RECORDS SHOWN -
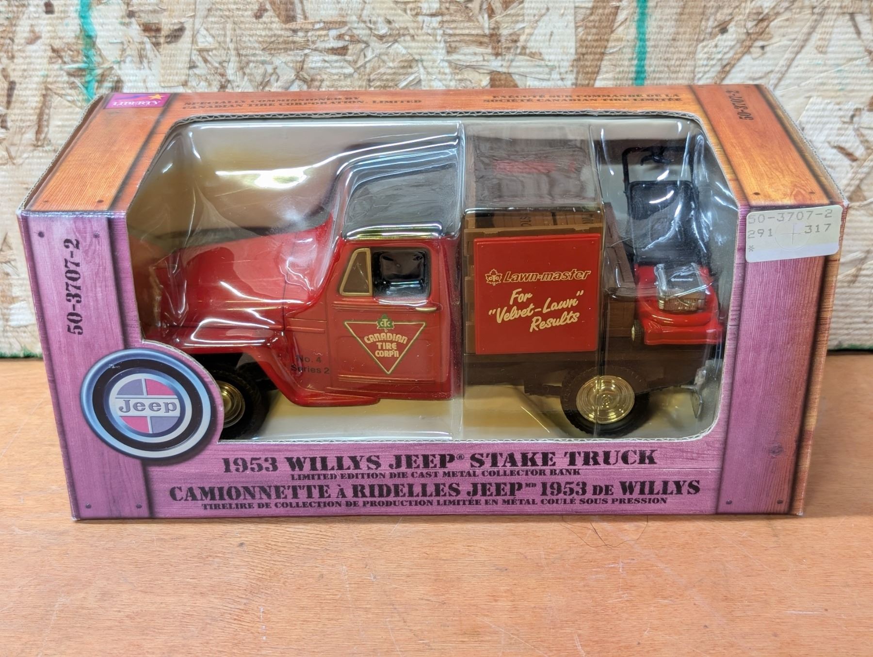 (2) Canadian tire branded Vehicles (1953 Willys Jeep Stake truck/ 40s Ford Camion) w/ Original Package
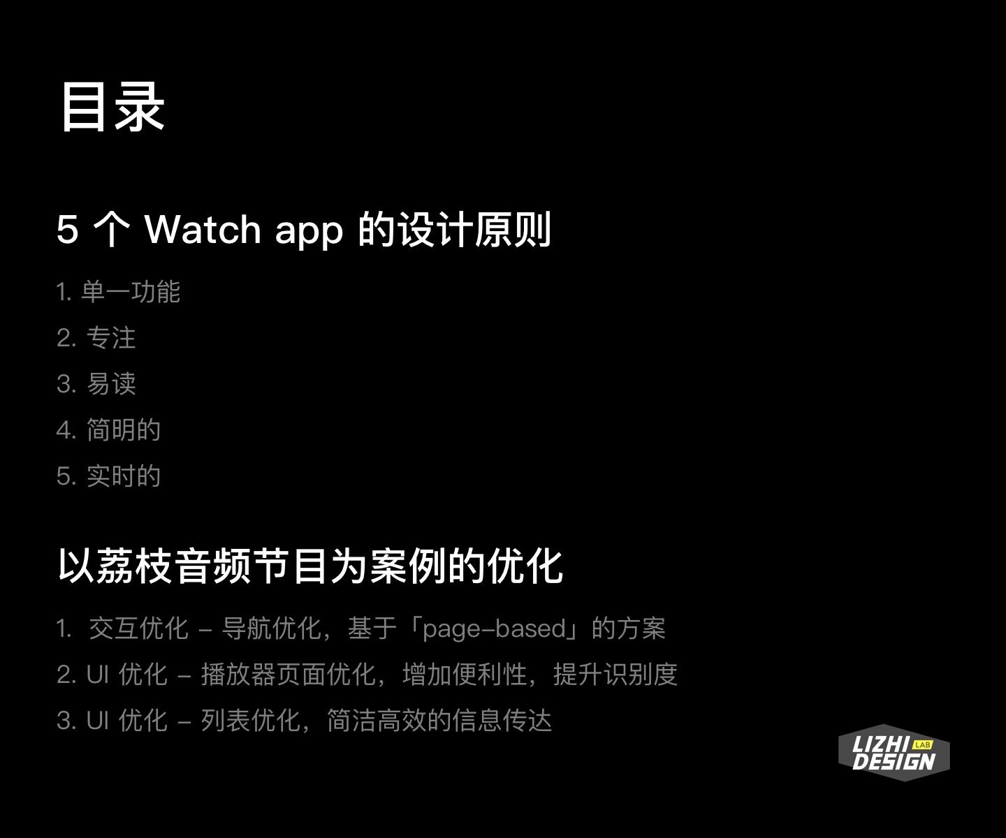 通过近距离接触苹果一线技术人员,还是获得了相当多的第一手资讯。因此总结了活动中与设计、交互相关的心得体会,以此文分享给大家。这篇文章分成两大部分,前半部分将分享 5 个 Watch app 的设计原则和技巧;后半部分则以荔枝的 Watch app 为案例,提出优化方案。
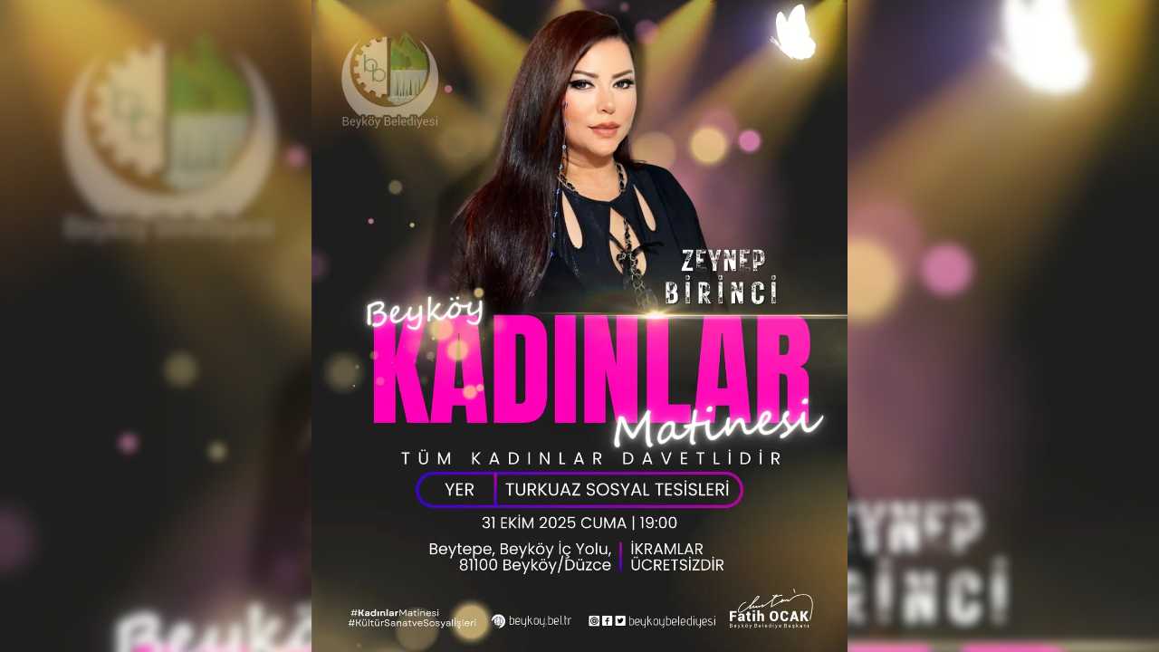 Beyköy Belediyesi tarafından düzenlenen Kadınlar Matinesi, 31 Ekim 2025 Cuma günü Turkuaz Sosyal Tesisleri’nde gerçekleştirilecek.
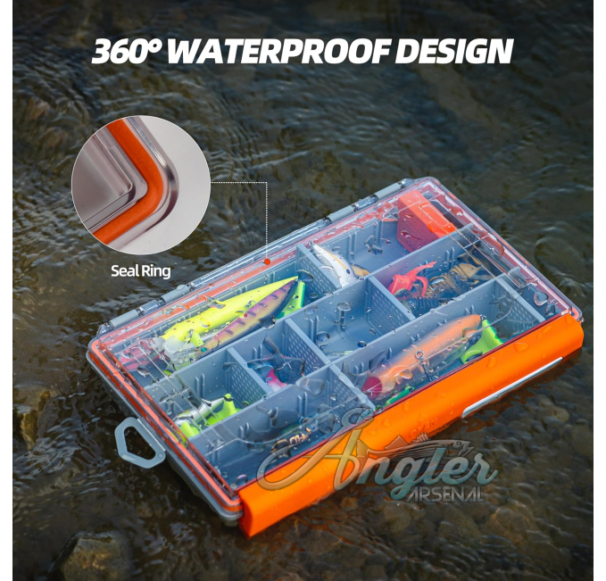 The Plano 3700 Series Waterproof Tackle Box from Angler Arsenal provides secure and versatile fishing gear storage. Features adjustable dividers for custom organization. Durable cam-action latches and O-ring seal ensure watertight protection. Perfect for anglers needing a reliable tackle solution.
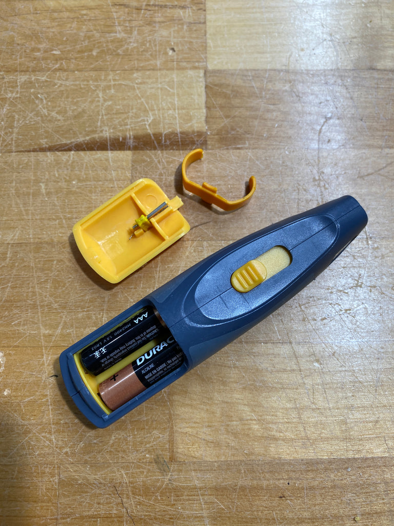 This fine tipped thread burning tool works best for tiny flies size #16 and down for those times when you need to clear the hook eye or burn off an errant piece of material. powered by 2 AAA batteries. Includes a spare tip.
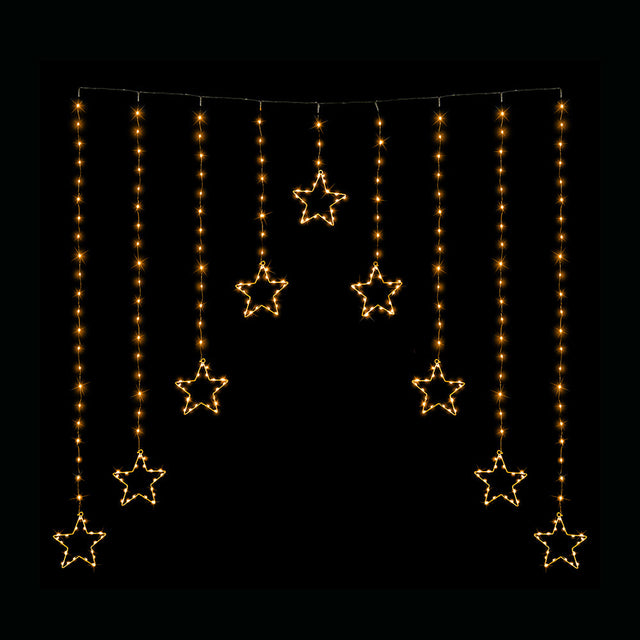 Embrace the celestial allure of our LED Gold Wire Star Curtain and let its radiant glow illuminate your festivities with elegance and enchantment. Witness the magic unfold as the delicate Gold Stars cast their warm and inviting glow, creating cherished memories that will last long after the Holiday Season.
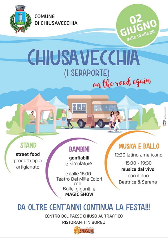 Domenica 2 giugno 2024 ritorna la festa che da oltre cent’anni si svolge a Chiusavecchia. Strada Statale chiusa per una grande festa nel centro del paese (da qui il nome on the road!). Street food con pan fritto, frittelle e carne alla brace con l’azienda Agricola Rambaldi e la collaborazione della Proloco di Montegrosso Pian Latte e le Rostelle della Proloco di Bestagno e il pane del contadino e lasagne del Pastificio Girardi. Birra artigianale, vino locale e gin.
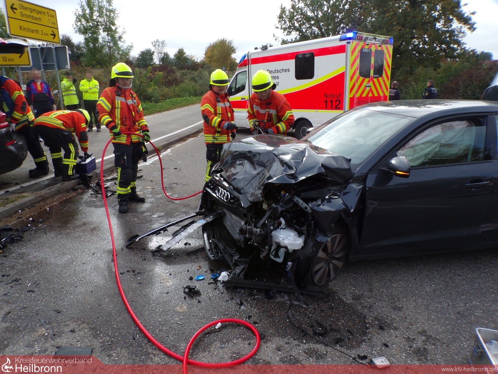 Mit dem Alarmstichwort „Verkehrsunfall PKW“ wurden die Abteilungen Grombach, Obergimpern und Bad Rappenau alarmiert.
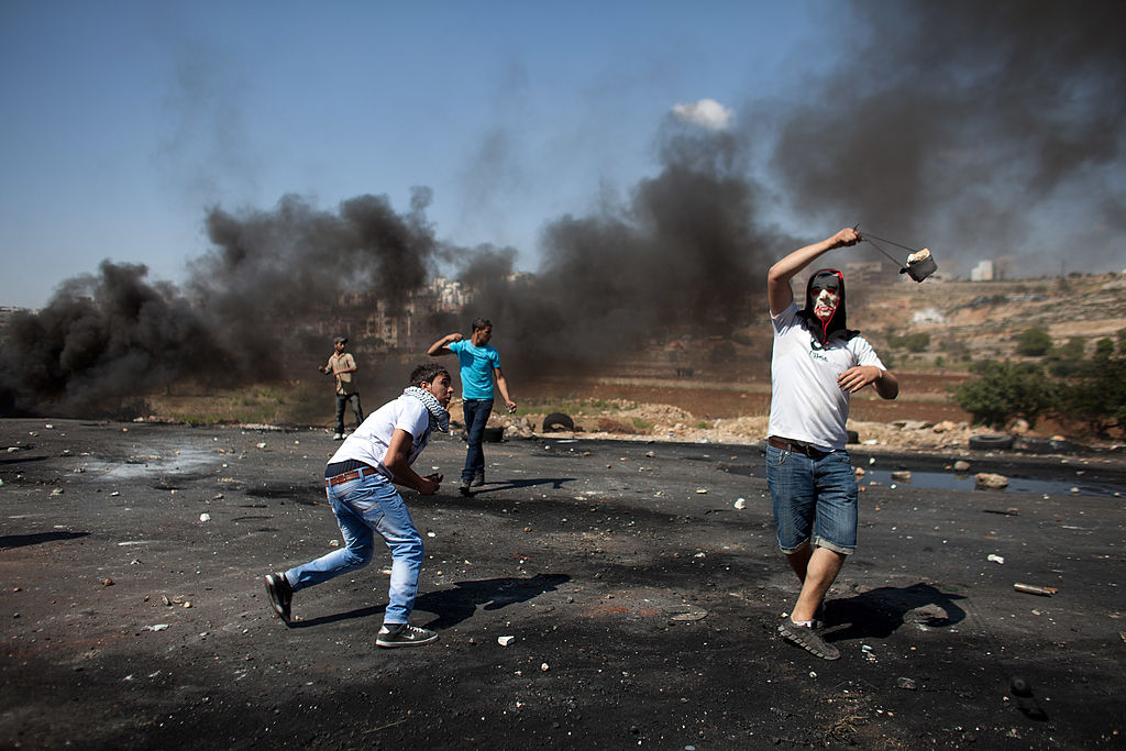 RAMALLAH, WEST BANK – MAY 15: (ISRAEL OUT) Palestinian demonstrators throw stones toward Israeli soldiers during clashes outside of Ofer Prison on May 15, 2012 near the West Bank city of Ramallah. Palestinians mark Israel’s establishment in 1948 with “Nakba” or “catastrophe” day on May 15, to remember the thousands of Palestinians who fled or were expelled during the creation of the Jewish state and the subsequent war. (Photo by Uriel Sinai/Getty Images)

EXERCISE DIRECTIONS -
Your job is to copy every entry exactly. Omit the pictures.

EXERCISE ANSWER -
 (2) Canadian tire branded Vehicles (1953 Willys Jeep Stake truck/ 40s Ford Camion) w/ Original Package
 通过近距离接触苹果一线技术人员,还是获得了相当多的第一手资讯。因此总结了活动中与设计、交互相关的心得体会,以此文分享给大家。这篇文章分成两大部分,前半部分将分享 5 个 Watch app 的设计原则和技巧;后半部分则以荔枝的 Watch app 为案例,提出优化方案。
 Beyköy Belediyesi tarafından düzenlenen Kadınlar Matinesi, 31 Ekim 2025 Cuma günü Turkuaz Sosyal Tesisleri’nde gerçekleştirilecek.
 The Plano 3700 Series Waterproof Tackle Box from Angler Arsenal provides secure and versatile fishing gear storage. Features adjustable dividers for custom organization. Durable cam-action latches and O-ring seal ensure watertight protection. Perfect for anglers needing a reliable tackle solution.
 This fine tipped thread burning tool works best for tiny flies size #16 and down for those times when you need to clear the hook eye or burn off an errant piece of material. powered by 2 AAA batteries. Includes a spare tip.
 Embrace the celestial allure of our LED Gold Wire Star Curtain and let its radiant glow illuminate your festivities with elegance and enchantment. Witness the magic unfold as the delicate Gold Stars cast their warm and inviting glow, creating cherished memories that will last long after the Holiday Season.
 Domenica 2 giugno 2024 ritorna la festa che da oltre cent’anni si svolge a Chiusavecchia. Strada Statale chiusa per una grande festa nel centro del paese (da qui il nome on the road!). Street food con pan fritto, frittelle e carne alla brace con l’azienda Agricola Rambaldi e la collaborazione della Proloco di Montegrosso Pian Latte e le Rostelle della Proloco di Bestagno e il pane del contadino e lasagne del Pastificio Girardi. Birra artigianale, vino locale e gin.
 Mit dem Alarmstichwort „Verkehrsunfall PKW“ wurden die Abteilungen Grombach, Obergimpern und Bad Rappenau alarmiert.
 RAMALLAH, WEST BANK – MAY 15: (ISRAEL OUT) Palestinian demonstrators throw stones toward Israeli soldiers during clashes outside of Ofer Prison on May 15, 2012 near the West Bank city of Ramallah. Palestinians mark Israel’s establishment in 1948 with “Nakba” or “catastrophe” day on May 15, to remember the thousands of Palestinians who fled or were expelled during the creation of the Jewish state and the subsequent war. (Photo by Uriel Sinai/Getty Images)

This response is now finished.